DeadLock on simultanously accessing uninitialized RefreshScope-Bean
Hi!
I'm using version 2.0.0.M9. Sometimes my application runs into a deadlock. This happens when two threads are simultanously accessing an uninitialized RefreshScope Bean.
My application uses the annotations NewSpan and Async . Both annotations cause access to a ProbabilityBasedSampler, that's provided as RefreshScope-Bean by ZipkinAutoConfiguration.RefreshScopedProbabilityBasedSamplerConfiguration.defaultTraceSampler(SamplerProperties).

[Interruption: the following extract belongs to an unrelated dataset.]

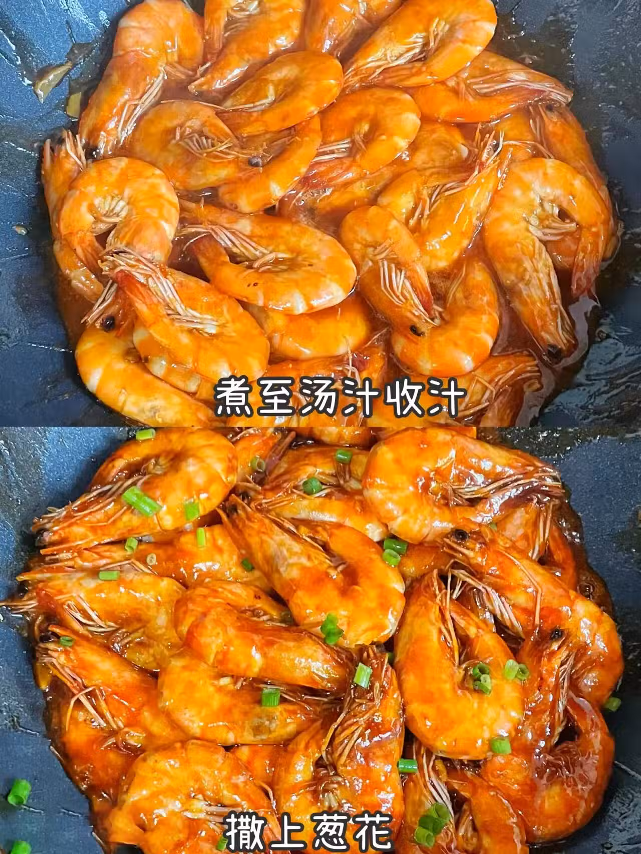將煎炒好的茄汁大蝦盛入盤中,撒上一些切好的蔥花作為點綴。

Thread 1 creates a Singleton-Bean, with a @PostConstruct calling a sampled method (@Async-annotation). Thread 2 calls a sampled method (@NewSpan-annotation). ProbabilityBasedSampler and SamplerProperties are not yet initialized.
This is what happens:
-
Thread 1: tries to create the Singleton, accesses
DefaultSingletonBeanRegistry.getSingleton(String, ObjectFactory<?>)and locksDefaultSingletonBeanRegistry.singletonObjects -
Thread 2: calls a
@NewSpan-annotated method. This requires theProbabilityBasedSamplerand triggersGenericScope.BeanLifecycleWrapper.getBean()and locksGenericScope.BeanLifecycleWrapper.name -
Thread 2: to create
ProbabilityBasedSamplertheSamplerPropertiesare required. The bean factory tries to get theSamplerProperties-Singleton, but has to wait for the lock onDefaultSingletonBeanRegistry.singletonObjectsthat is held by Thread 1 -
Thread 1: the
@PostConstructcalls a@Async-annotated method, that requiresProbabilityBasedSampler. that triggersGenericScope.BeanLifecycleWrapper.getBean(), but has to wait for the lockGenericScope.BeanLifecycleWrapper.nameheld by Thread 2
I attach a class that simulates the behaviour of my application setup and the stack trace when this class runs into the deadlock: RefreshScopeDeadLock.zip
Please try with the latest, RC2.
Same result (the affected code didn't change as far as I can see). I attached the updated stack trace (the line numbers of GenericScope.BeanLifecycleWrapper were wrong in the old version): RefreshScopeDeadLock-2.0.0.RC2.zip
By the way: It doesn't have an effect on my issue, but as far as I can see in GenericScope.BeanLifecycleWrapper.getBean() double-check-locking is used without using an volatile synchronization object. As far as I known this is not thread safe.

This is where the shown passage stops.